DATASET EXCERPTS Block Start

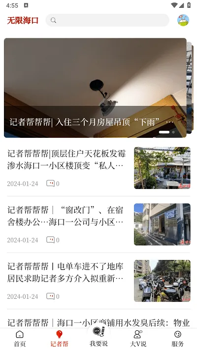 1. 注册登录后,首页能看到海口本地新闻和重要通知,每天刷一刷可及时了解身边大小事。
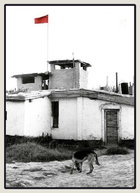 В ЗАСТАВКЕ: флаг СССР поднятый на крышами пограничной заставы "Кайсар", коллажное фото (компьютерная колоризация), б/д, правообладние неизвестно.
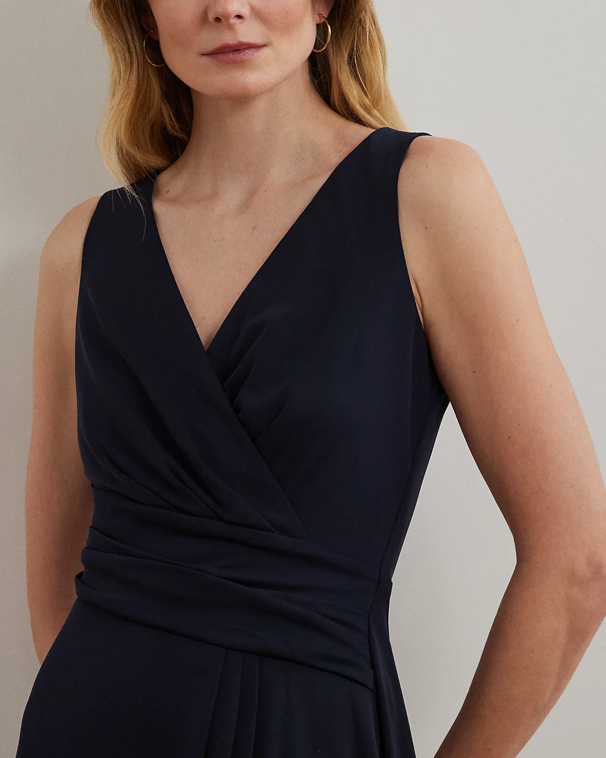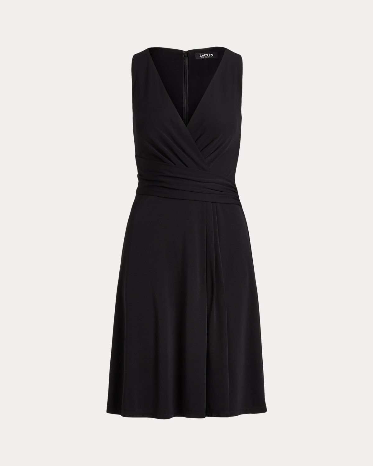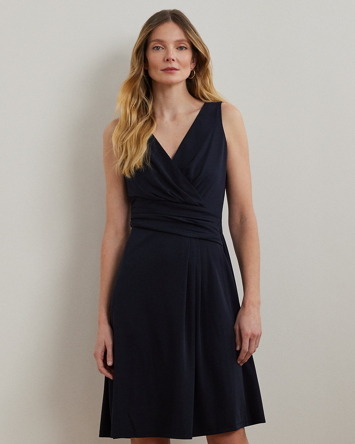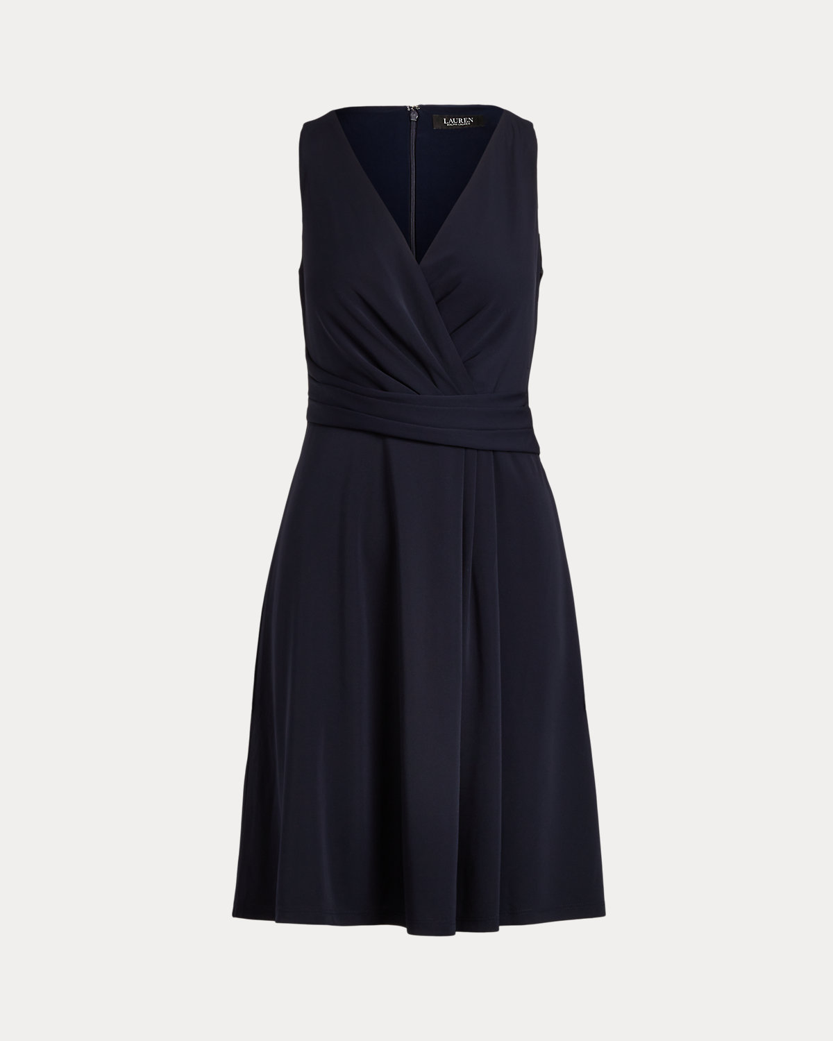 An enduring essential, this timeless jersey dress is characterized by graceful pleating at the bodice. Cut for a knee-grazing length, its stunning surplice silhouette lends a sophisticated finish.
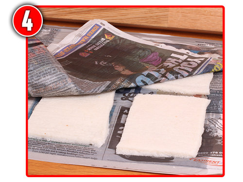 С тостового хлеба удаляется корка, затем он размачивается в ванночке с водой, помещается на доску, покрытую несколькими слоями газет, сверху прикрывается тоже несколькими слоями газет и прижимается второй доской. Сделав эту процедуру вечером, к утру получаются тонкие листы влажного хлеба, которые достаточно упругие, рвутся, не разлезаясь, на куски и хорошо держатся на крючке.
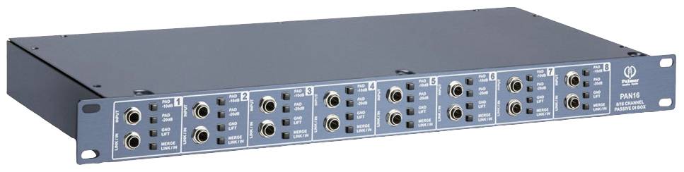 Die Palmer PAN16 ist eine 8-kanalige passive DI-Box im 19" Rackformat mit 1 HE. Durch die besondere MERGE LINK/IN-Funktion kann der vordere LINK-Ausgang zum Durchschleifen des Signals als zweiter Eingang geschaltet werden, dessen Signal mit dem der INPUT-Buchse als Monosumme an den Ausgang geführt wird. So bietet die PAN16 maximal 16 Eingänge, zwei PAD-Taster ermöglichen 10, 20 und 30 dB Dämpfung. Die Ausgänge sind als XLR-Buchsen ausgeführt und durch Übertrager galvanisch getrennt und symmetriert. Darüberhinaus befinden sich 8 zusätzliche LINK-Buchsen auf der Rückseite des Geräts.
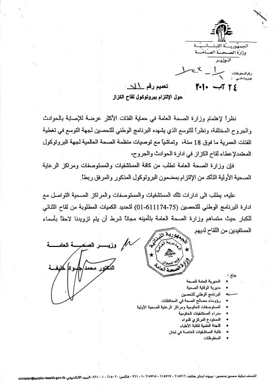 تعميم رقم 71 تاريخ 24.8.2010 حول الإلتزام ببروتوكول لقاح الكزاز
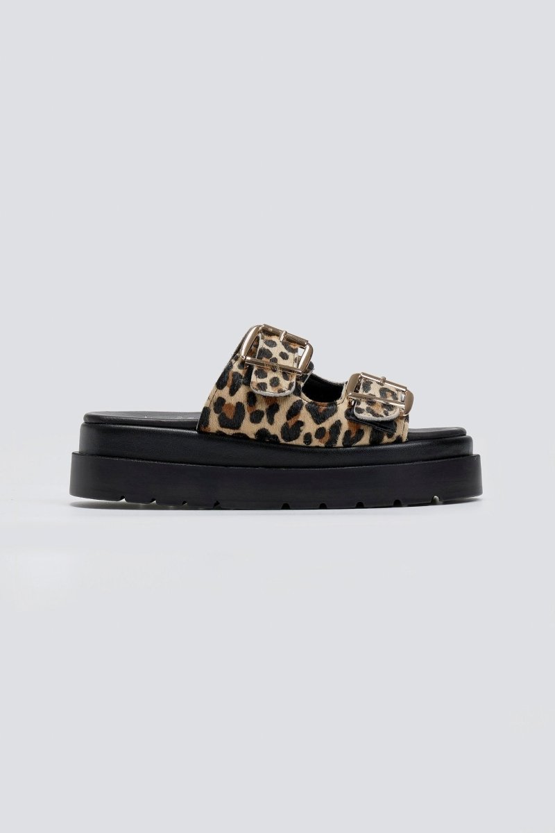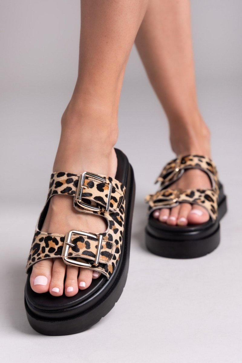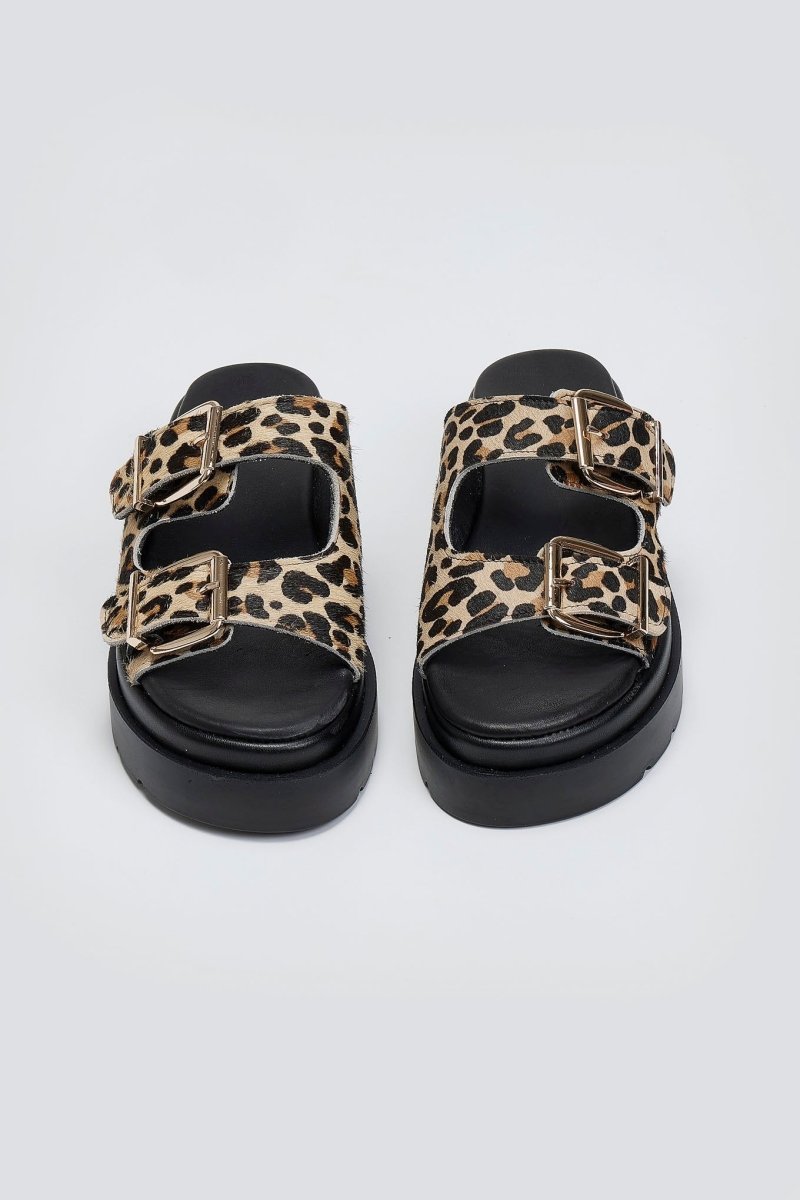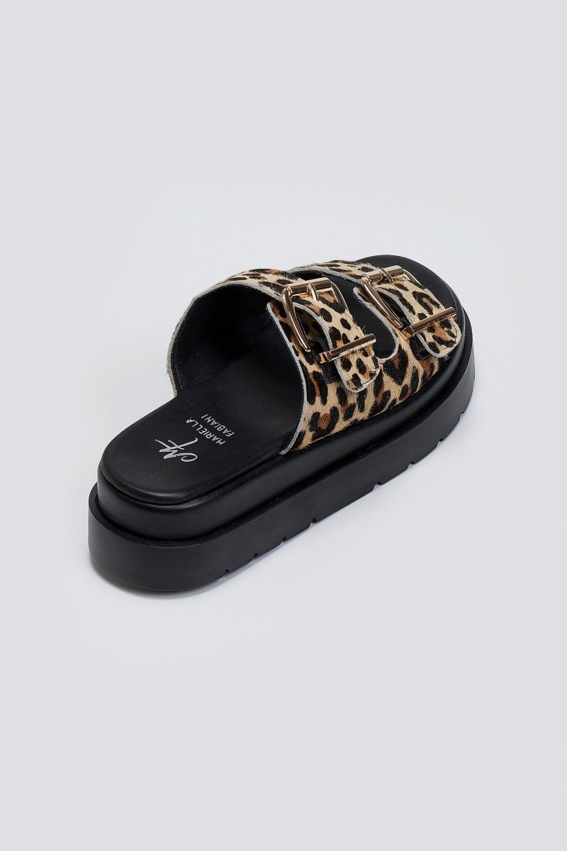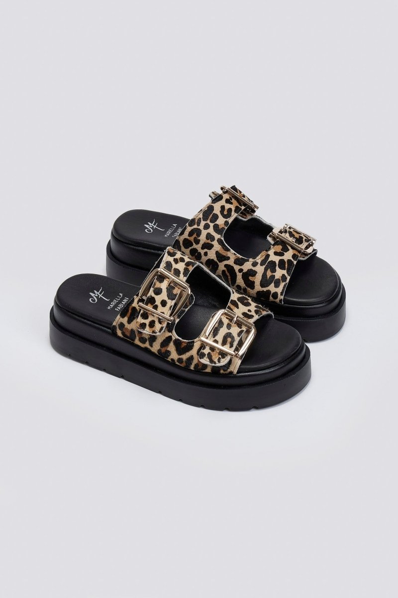 Σανδάλια flatforms Mariella Fabiani. Φάσες από ponyskin με animal print. Προσαρμόζονται με μεταλλικούς τοκάδες. Μαλακός πάτος με ενίσχυση.
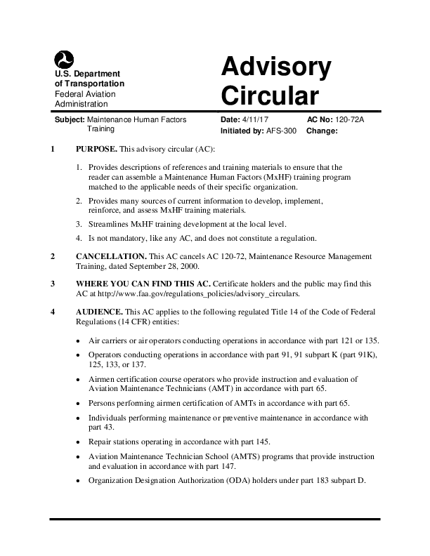 FAA AC 120-72A: Maintenance Human Factors Training
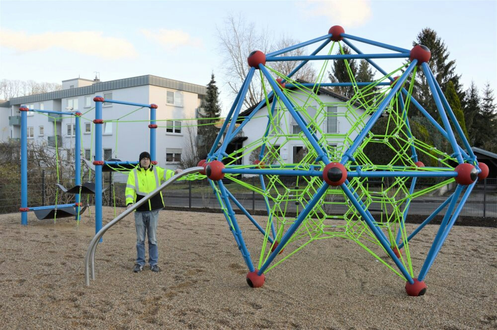 Das Klettergerüst steht in dem neu geschaffenen Spielbereich.

DATASET EXCERPTS Block End

▸ EXERCISE INSTRUCTIONS
Your answer must be the lines from the line containing "В ЗАСТАВКЕ: флаг" through the final line of the data, written out exactly, both ends included and pictures left out.

▸ ANSWER FOR THIS EXERCISE
 В ЗАСТАВКЕ: флаг СССР поднятый на крышами пограничной заставы "Кайсар", коллажное фото (компьютерная колоризация), б/д, правообладние неизвестно.
 An enduring essential, this timeless jersey dress is characterized by graceful pleating at the bodice. Cut for a knee-grazing length, its stunning surplice silhouette lends a sophisticated finish.
 С тостового хлеба удаляется корка, затем он размачивается в ванночке с водой, помещается на доску, покрытую несколькими слоями газет, сверху прикрывается тоже несколькими слоями газет и прижимается второй доской. Сделав эту процедуру вечером, к утру получаются тонкие листы влажного хлеба, которые достаточно упругие, рвутся, не разлезаясь, на куски и хорошо держатся на крючке.
 Die Palmer PAN16 ist eine 8-kanalige passive DI-Box im 19" Rackformat mit 1 HE. Durch die besondere MERGE LINK/IN-Funktion kann der vordere LINK-Ausgang zum Durchschleifen des Signals als zweiter Eingang geschaltet werden, dessen Signal mit dem der INPUT-Buchse als Monosumme an den Ausgang geführt wird. So bietet die PAN16 maximal 16 Eingänge, zwei PAD-Taster ermöglichen 10, 20 und 30 dB Dämpfung. Die Ausgänge sind als XLR-Buchsen ausgeführt und durch Übertrager galvanisch getrennt und symmetriert. Darüberhinaus befinden sich 8 zusätzliche LINK-Buchsen auf der Rückseite des Geräts.
 تعميم رقم 71 تاريخ 24.8.2010 حول الإلتزام ببروتوكول لقاح الكزاز
 Σανδάλια flatforms Mariella Fabiani. Φάσες από ponyskin με animal print. Προσαρμόζονται με μεταλλικούς τοκάδες. Μαλακός πάτος με ενίσχυση.
 FAA AC 120-72A: Maintenance Human Factors Training
 Das Klettergerüst steht in dem neu geschaffenen Spielbereich.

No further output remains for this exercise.